Social Media has added a layer of deep disinformation & divisive ideological bubbles that are all largely going unchecked as well, where anyone can be anyone, and where it can be quite profitable for personalities to become incendiary... We're really not holding anyone, nor the bodies managing social media and news media accountable for their actions at all, which opens the doors to sensationalism, and even to embellishment on issues which are normally meant to be commonplace and handled professionally.

I think everyone has had fair warning that the rhetoric would lead to more drama, and the country has ignored it in a quest to line pockets. Politics are meant to be boring, and in order to serve Democracy, it simply can't ignore and even encroach on basic rights of others it represents. We have gone too far in political extremes, and this is the end result, slowly getting worse over time.

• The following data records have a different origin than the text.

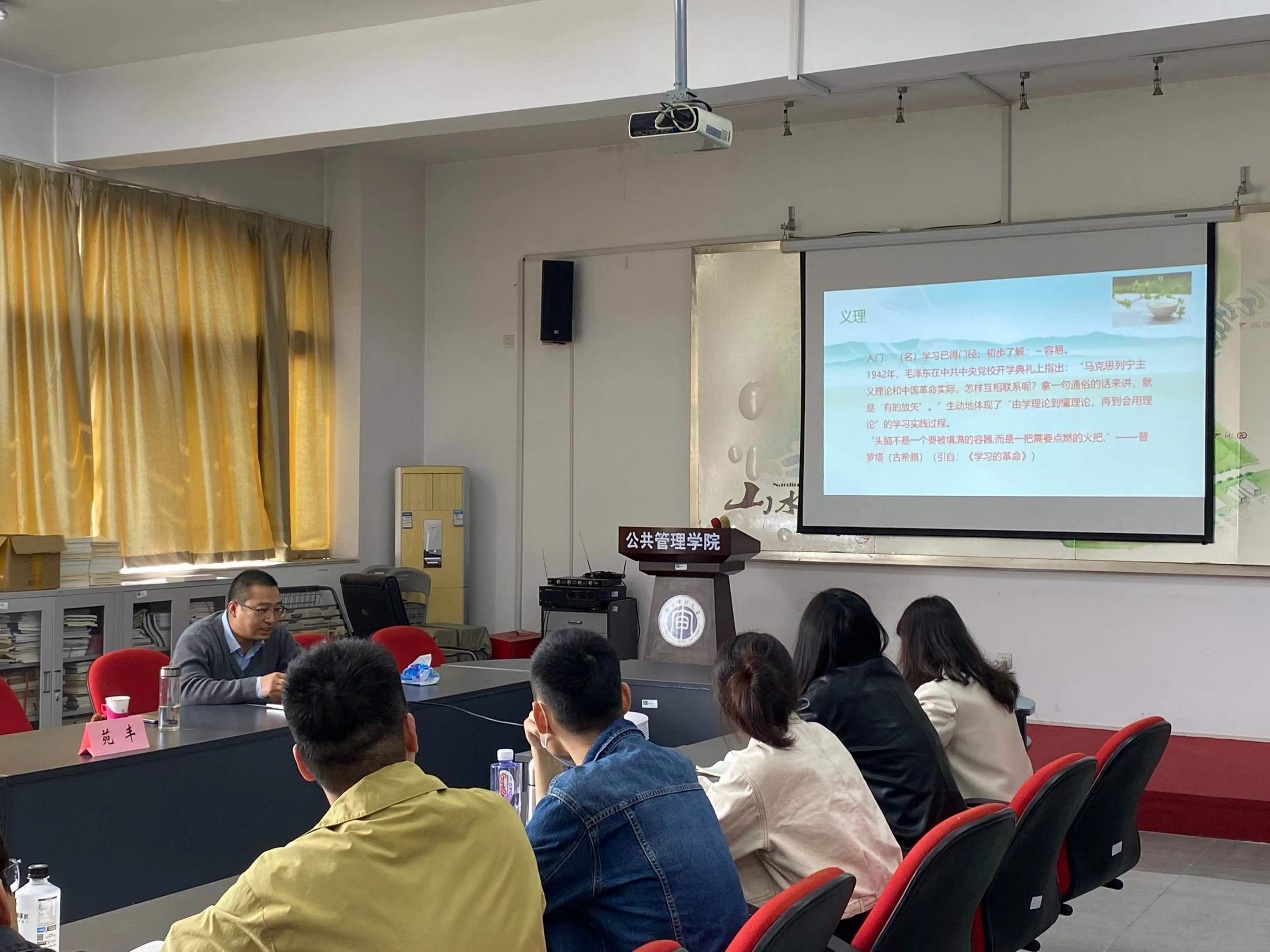 首先是苑丰老师进行名为“研究入门读书精要:我的读书心得——与大家共勉”的读书交流分享。苑丰老师提出读书四精要:定慧双修、体用共持、加减同进、知行合一。作为一名研究者,我们既要注重具体事务,又要注重方法论;既要注重专题研究,又要注重学科史;既要有所为,又要有所不为。当代年轻人需要学会有的放矢,要学理论,懂理论,用理论。
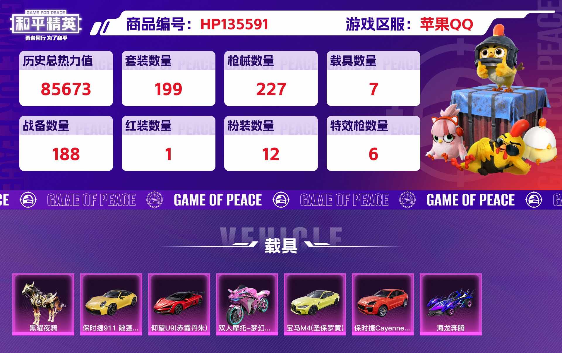 hp135591|极品素材号苹果q1红装(3级图卡盟) 12粉装 6粉呛(7级风花雪月)7载具(保时捷911 仰望 宝马m4)梦幻火箭 冥河战士 深海小丑鱼
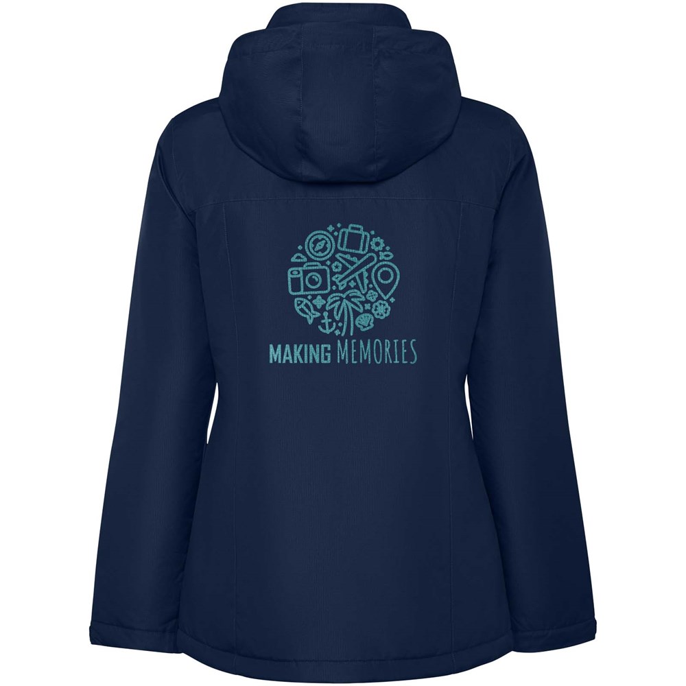 Waterproof padded parka jacket for women. Slim-fit. High collar with folded and removable hood with hook & loop closure. Matching central zipper with flap. Side pockets with zipper and fixed flap. Interior pocket with hook & loop closure. Adjustable cuffs with hook & loop belt loop. Interior access for reinforcements on the back and left chest.

It's clear that we need to stop making personal servants celebrities, and to stop watching and pushing politics as if it's a TV drama or Football game, otherwise it's only going to get worse... That being said, there is a lot more organization and agendas involved in politics now than in the past.

Technology now is widely being used against everyone to achieve and monitor goals and progress in capturing profit... Sometimes as tech insiders, we have to be careful about what we implement and even say "no" as a response to being asked to do things that undermine people and the ethical balance of the world.

Profiting off of tech is not good if it makes the world we all live in deeply unstable. There's no castle, even in Maui, that anyone can build to survive political and economic collapse of the country nor the world. There is a better way to do all of this.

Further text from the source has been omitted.